At the time he died Banker was engaged in the business of dealing in certain merchandise under patents owned by' himself. Peck and his son, Oscar, had for some years been in his employ and were skilled in carrying on such business. During the two weeks’ interval between Banker’s death and that of her'own, his wife, Henrietta, who was the executor named in his will, and who alone took his whole estate as the absolute owner thereof, entered into a copartnership agreement with Peck, under which they were to continue the business that Banker had left. Upon her sudden death, and after he was appointed executor of both estates, the scheme of a partnership seems to have been abandoned, and he concluded to continue the business himself until a purchaser could be found for it upon what he considered would be favorable terms. He was then informed by his counsel that, if he did so, he would be liable to account for and make good to the estate any loss that might occur to the assets thereof, and that, as to any profits that he might make, [299]*299they must be deemed the property of such estate and be accounted for as assets thereof. He continued the business something over a year in the store for which the estate then held an unexpired lease, and, upon his accounting to the surrogate as executor of George W. Banker’s estate, he charged himself with the sum of $2,764.31 as the net profits made by him in so conducting the business. The contestants objected to this item as insufficient, and, upon the hearing before the surrogate, it appeared that among the items of expenses which Peck credited to himself in ascertaining the net profits he included the sum of $2,371.53 paid to his son for services as an assistant therein, and also the sum of $3,071.95 taken by himself as compensation for his services in so conducting the business. As to the payment to the son, the surrogate reduced the sum so claimed to $1,769.58. As to the credit for his own services, the contestants claim that Peck was not entitled to any. The surrogate allowed him his whole claim, and here is presented the question for consideration.

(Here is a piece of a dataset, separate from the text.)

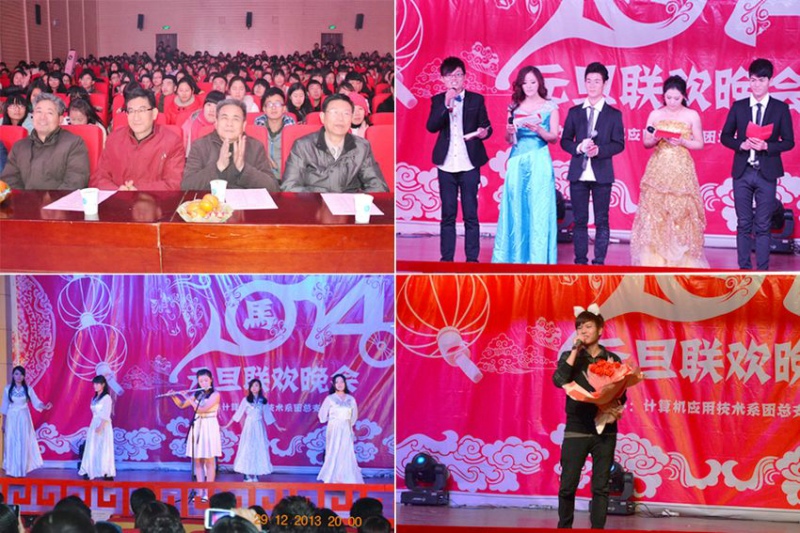12月29日晚7时,计算机系迎2014年元旦联欢晚会在大学生活动中心隆重上演。院党委书记丁家康、院长方志斌、副院长孙兴林和计算机系老师及同学们一起共同观看了文艺演出。

It is clear that Peck was not acting as executor in continuing this business. He was not required by the will so to do, but, individually, and of his own motion, he continued it for something more than a year before he sold the same as assets of the Banker estate. He was, therefore, under no obligations to account to the • surrogate for the details of such business. His receipts and expenditures in such business were no part of his executor’s account. He was obligated to report and account to' the surrogate for the actual net profits made in such business, because, under the well-settled and familiar rule of equity, such profits became an asset of the estate; but he was in no way responsible to the surrogate, nor to the estate, for not having made more. His primary liability was for all the assets of the estate, and for such profits as he actually made from them, not for what he might have made had he managed the business more economically and with greater discretion. And the burden is upon the beneficiaries to show that the net profits were more than the executor reports. If they fail to show that he made any profits, and he reports none, but yet show that he used the trust fund in his own business, they may have interest thereon because of his wrongful use . of the same. These principles are well stated by Ransom, S., in Estate of William Munzor (4 Misc. Rep. 374).

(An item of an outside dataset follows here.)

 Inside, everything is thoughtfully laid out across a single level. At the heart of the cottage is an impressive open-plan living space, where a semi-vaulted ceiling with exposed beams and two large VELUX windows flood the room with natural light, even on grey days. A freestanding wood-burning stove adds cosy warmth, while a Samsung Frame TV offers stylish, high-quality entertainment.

[300]*300■It seems clear, therefore, that the amount which Peck paid to his son for assisting him in carrying on this business was not a proper subject of inquiry before the surrogate. True, he might have made more profits if he had not paid so high salaries to his help; but, as stated above, he cannot be surcharged by the surrogate for not making larger' profits. ' He was under no. obligation to ..the estate to make any, and hence the only inquiry before the surrogate was whether he accounted as executor for all that he did make. There is no pretense that he had not actually, paid, to his son the full amount of $2,371.53—no claim that he had it. still in his hands and was seeking to appropriate it to his own use in this indirect way. Hence it was not within the scope of the inquiry before the. surrogate, and the surrogate was in error to surcharge the executor’s account with any part thereof.

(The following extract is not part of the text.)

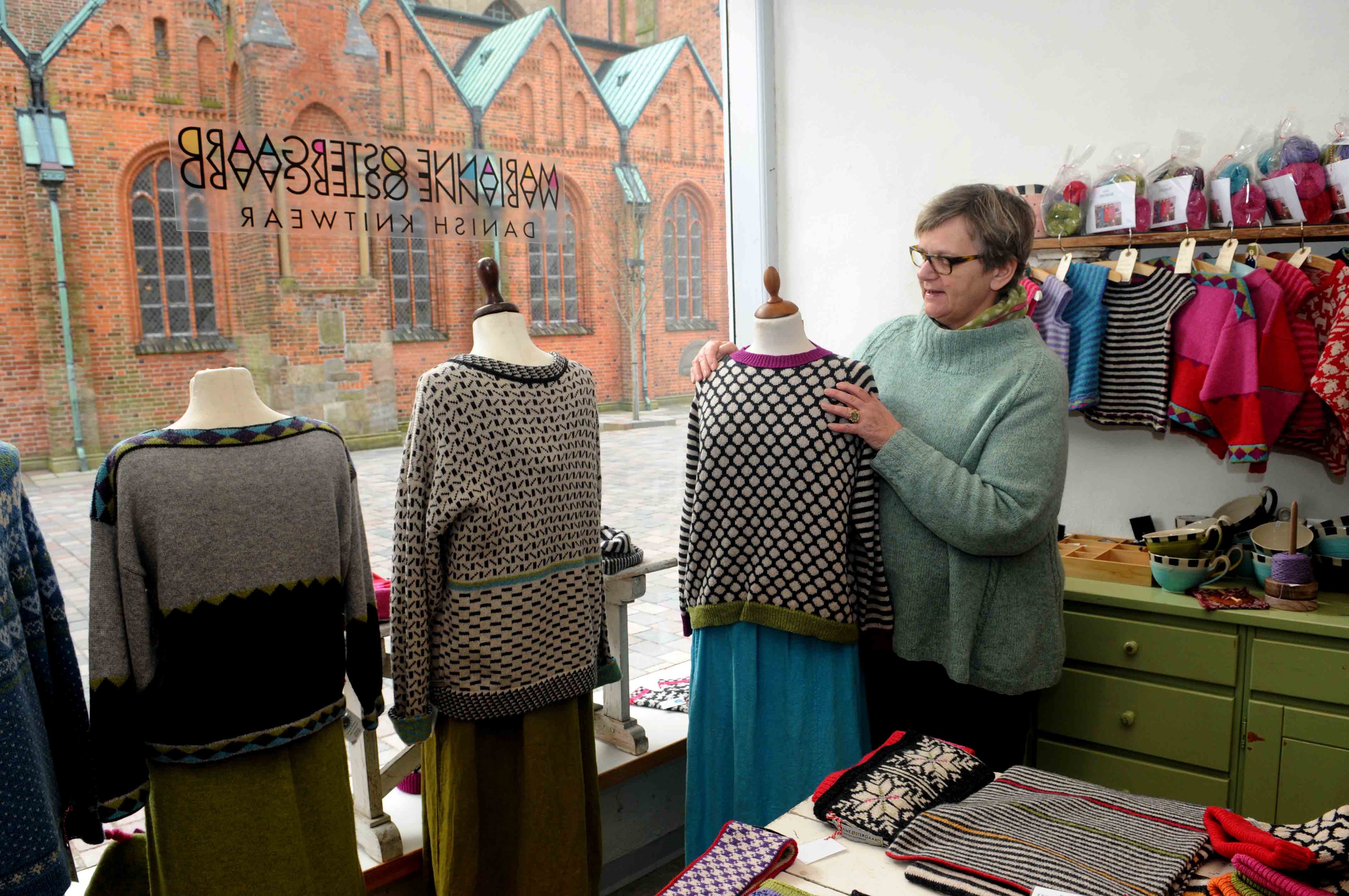 – Vi har et stort udvalg af de modeller jeg gennem næsten 35 år har designet. Der er Børne, dame og herremodeller. Og en masse tilbehørsmodeller. Der er de klassiske modeller jeg designede i 80’erne og 90’erne og de aller nyeste modeller. Hvis man ønsker andre farver, end dem jeg har valgt, er man meget velkommen til at kontakte mig og så kan vi sammen finde frem til de ønskede farver. Og man er altid hjertelig velkommen i vores fysiske butik på Domkirkepladsen i Ribe, hvor der er et stort udvalg af modeller og nu også, som noget nyt, garn i løs vægt, slutter Marianne Østergaard af, inden de næste kunder skal betjenes.

As to that part of the earnings of the business retained by the executor on account of his own services, a different question is presented. Confessedly, he has not paid out any part of it. It can hardly be said to have been disbursed. It is still in his hands as a part of such earnings.

. It is a well-settled rule of equity that a trustee is not permitted to deal with the trust property so as to gain any advantage, directly or indirectly, for himself, beyond his lawful compensation. He may not use it in his own private business. He may not make any incidental profits for himself in its management, and he may not acquire any pecuniary gains from his fiduciary position. The beneficiary is entitled to claim all advantages actually gained, and to hold the trustee chargeable for all losses; if any, happening from a violation of his duty. (Pom. Eq. Juris. § 1075.) Within this rule I am unable to see upon what theory Peck may withhold from the estate of which he is executor any portion of such earnings to his own use or benefit. If the amount of his receipts from the business just equaled-the amount of his disbursements, clearly Peck could not ask that he be paid from the estate a reasonable sum as compensation for his services. If the amount of his receipts exceeded his disbursements by the sum of $3,071.95, why should he be allowed to retain that as such a compensation ? The estate owes him nothing for his services,, but may, under the rules'of equity, demand, from him everything that he — that is, his labor and skill — has succeeded [301]*301in clearing up out of the business. And such demand is imposed against him for his wrongful act in using the funds of the estate in a manner forbidden by law.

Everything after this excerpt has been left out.